THE PROBLEM — Take the lines from the head of the listing through the one bearing "永远不要小看美国消费者,4月" and copy them exactly, leaving every picture out.

DATASET EXTRACT —
+ + + + + + +

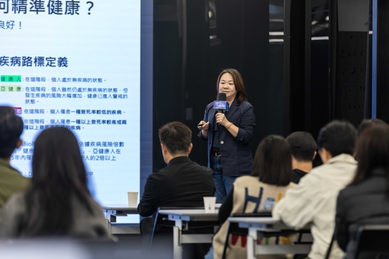 在健康科技中,AI 已能整合多項風險因子並建立個人健康模型。透過動態模擬、個人化建議與行為追踪,健康管理不再只是資料呈現,而是能促使使用者每天做出具體行動的機制。楊雅惠總經理(俊鴻數據科技)提出以數位孿生與AI數據分析為核心的醫療創新模式,推動醫療從「精準預防」邁向「精準預後」。他們以十年產業經驗為基礎,打造能持續追蹤健康、預測風險並提出建議的 AI 健康教練,讓精準醫療真正落地,而不再停留在報告中。楊總經理補充道:「參與本身就是一種決策。使用者會參與,是因為他們有明確的目標,並且知道自己想得到什麼樣的結果,就像飲食或運動計畫。好的方案必須符合人性,才能促使持續投入、黏著。」
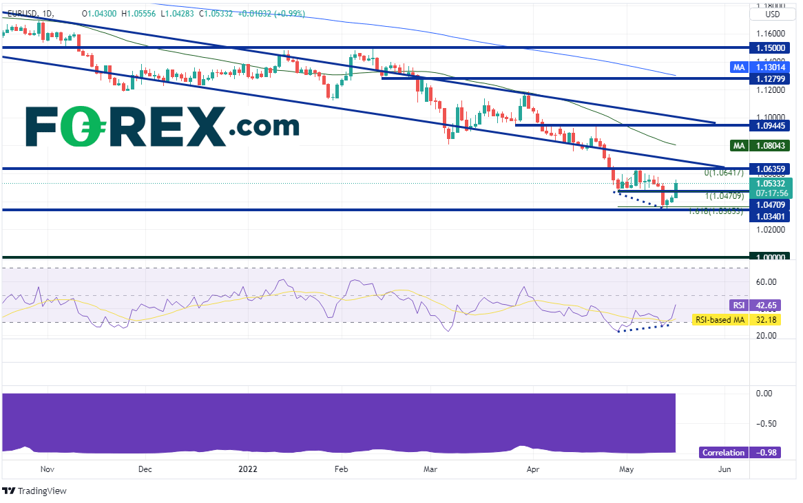 永远不要小看美国消费者,4月无惧高通胀继续实现零售销售增长。美元指数和欧元/美元来到关键价位处,后市进行修正还是继续各自的长期趋势?市场或倾听鲍威尔讲话后再做进一步的判断。
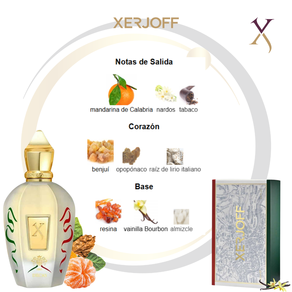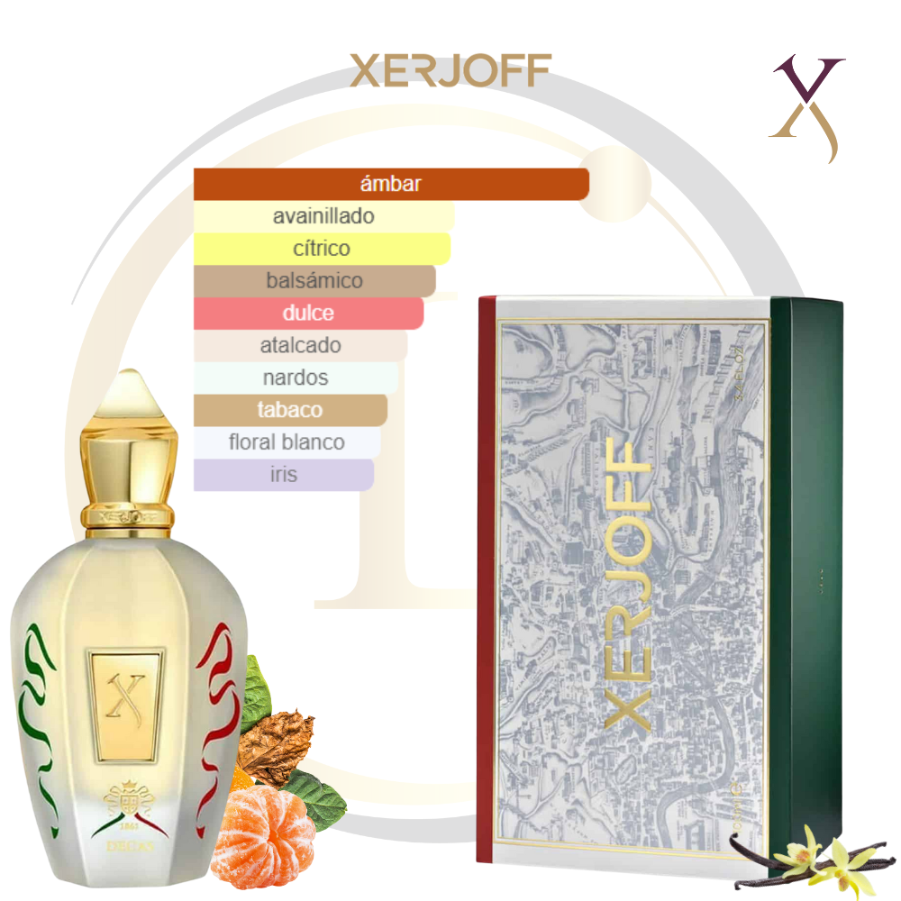 XJ 1861 Decas de Xerjoff es una fragancia de la familia olfativa Oriental Floral para Hombres y Mujeres. XJ 1861 Decas se lanzó en 2021. La Nariz detrás de esta fragrancia es Chris Maurice. Las Notas de Salida son mandarina de Calabria, nardos y tabaco; las Notas de Corazón son benjuí, opopónaco y raíz de lirio italiano; las Notas de Fondo son resina, vainilla Bourbon y almizcle.
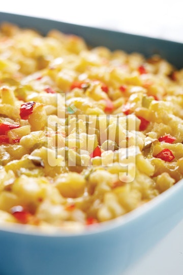 Cheesy potato casserole is flecked with bits of red and green bell peppers.

+ + + + + + +

RESPONSE BOX —
 在健康科技中,AI 已能整合多項風險因子並建立個人健康模型。透過動態模擬、個人化建議與行為追踪,健康管理不再只是資料呈現,而是能促使使用者每天做出具體行動的機制。楊雅惠總經理(俊鴻數據科技)提出以數位孿生與AI數據分析為核心的醫療創新模式,推動醫療從「精準預防」邁向「精準預後」。他們以十年產業經驗為基礎,打造能持續追蹤健康、預測風險並提出建議的 AI 健康教練,讓精準醫療真正落地,而不再停留在報告中。楊總經理補充道:「參與本身就是一種決策。使用者會參與,是因為他們有明確的目標,並且知道自己想得到什麼樣的結果,就像飲食或運動計畫。好的方案必須符合人性,才能促使持續投入、黏著。」
 永远不要小看美国消费者,4月无惧高通胀继续实现零售销售增长。美元指数和欧元/美元来到关键价位处,后市进行修正还是继续各自的长期趋势?市场或倾听鲍威尔讲话后再做进一步的判断。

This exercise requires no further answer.